In reaching this conclusion in Wells Fargo, the Court did nothing to disturb its prior holding in Federal Land Bank of St. Paul v. Bismarck Lumber Co., 314 U.S. 95, 62 S.Ct. 1, 86 L.Ed. 65 (1941). In Bismarck Lumber, the Court had considered whether the Federal Farm Loan Act exempted federal land banks from having to pay North Dakota sales tax. The Farm Loan Act stated that “ ‘every Federal land bank ․ shall be exempt ․ from ․ State ․ taxation, except taxes upon real estate.” Id. at 96 n. 1. The Court held in Bismarck Lumber that “[t]he unqualified term ‘taxation’ ․ clearly encompasses within its scope a sales tax such as the instant one.” Id. at 99. The federal land banks were therefore not subject to the state sales tax. The Court further ruled that the statute's single exception for real estate indicated that the exemption applied to all other taxes. See id. at 100.
Like the North Dakota sales tax in Bismarck Lumber, Minnesota's deed transfer tax is an excise tax. See Rosenow v. State of Ill., Dep't of Rev., 715 F.2d 277, 279 n. 4 (7th Cir.1983). In contrast to the housing project note exemption in Wells Fargo and like the statutory exemptions Congress created for the federal agencies, the language of the Farm Loan Act in Bismarck Lumber exempted the banks themselves from taxation. Bismarck Lumber, 314 U.S. at 99. Lower courts must follow Supreme Court precedent which directly applies to a case before them, even if such precedent might appear “to rest on reasons rejected in some other line of decisions.” Rodriguez de Quijas v. Shearson/Am. Express, Inc., 490 U.S. 477, 484–85, 109 S.Ct. 1917, 104 L.Ed.2d 526 (1989). The Supreme Court has never explicitly or implicitly overruled Bismarck Lumber. Like the Sixth and Seventh Circuits, we conclude that Bismarck Lumber controls the issue in this case.
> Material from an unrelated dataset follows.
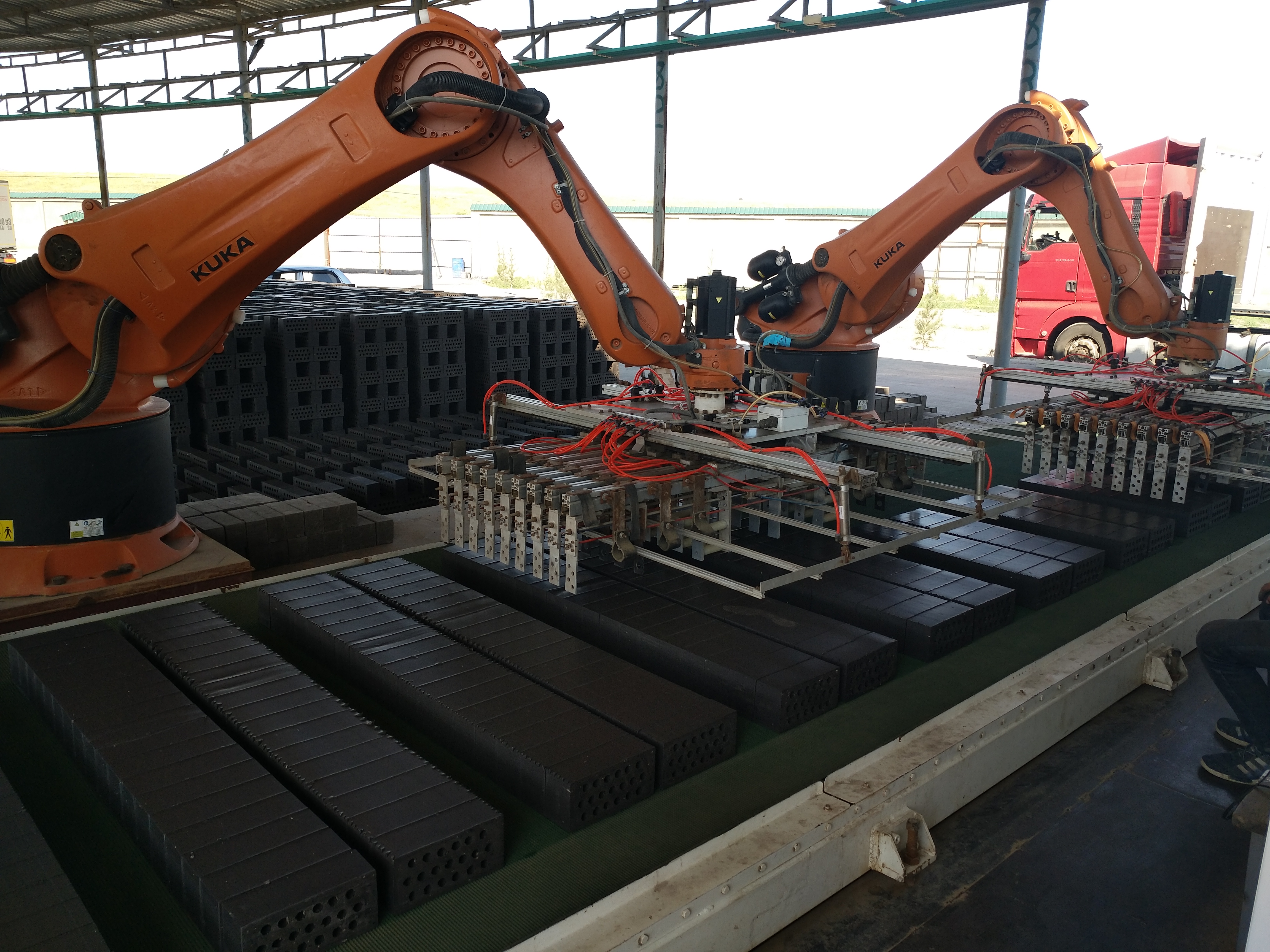 這其中新疆晨光164磚廠的周總,便是其中的受益者。新疆周總以前用5條輪窯燒磚,產(chǎn)量低,用工多,管理困難。南通恒達公司在17年幫其建造了兩條9.38*160米環(huán)保型移動式隧道窯,并配套機器人碼坯,一舉解決了產(chǎn)量低和用工多的問題,兩條隧道窯日產(chǎn)60萬,工人僅45人。
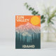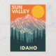 Um poster de viagens vibrante, ao estilo de vintage para Sun Valley, Idaho. A design apresenta um pico majestoso, coberto de neve contra um céu quente e laranja com um sol grande. No primeiro plano, uma floresta densa de árvores verdes e verdes é representada em tons legal estilizados. Esta ilustração retrógrada captura a beleza das montanhas de Idaho e o espírito aventura ao ar livre do Vale do Sol, fazer-o perfeito para amantes do esqui, caminhada e natureza. É uma peça de arte excelente para decoração de cabana ou para qualquer um que aprecie posteres de viagens clássicos.

Cty. of Oakland, 716 F.3d at 943; DeKalb Cty. v. Fed. Housing Fin. Agency, et al., ––– F.3d ––––, 2013 WL 6727323, *5 (7th Cir. Dec.23, 2013). The plain language of the federal statutes creating Fannie Mae, Freddie Mac, and the FHFA exempts them from the Minnesota deed transfer tax. See also, Montgomery Cty., Maryland v. Fed. Nat'l Morg. Ass'n, et al., ––– F.3d ––––, 2014 WL 279852, *4 (4th Cir. Jan.27, 2014).
Hennepin County nevertheless argues that the Court's holding in Bismarck Lumber applies only to federal instrumentalities and that the federal agencies do not meet the test set in Lebron v. National Railroad Passenger Corporation. 513 U.S. 374, 115 S.Ct. 961, 130 L.Ed.2d 902 (1995). The County's reliance on Lebron is misplaced, however, since in that case the Court only considered whether a private entity is a federal instrumentality “for the purposes of the constitutional obligations of Government.” 513 U.S. at 399. The question here, in contrast, is whether the entities are governmental instrumentalities which “Congress has the power to protect” through tax exemptions. Bismarck Lumber, 314 U.S. at 102. As the Court stated in Bismarck Lumber, “any constitutional exercise of [the federal government's] delegated powers” is governmental, and “when Congress constitutionally creates a corporation through which the federal government lawfully acts, the activities of such corporation are governmental.” Id. Because Congress had constitutionally created the federal land banks to extend loans “on liberal terms to farm borrowers [by] foreclos[ing] mortgages and purchasing the real estate at the resulting sale,” the banks are “ ‘instrumentalities of the federal government’ “ which “Congress has the power to protect” by exempting them from all taxation. Id. at 102.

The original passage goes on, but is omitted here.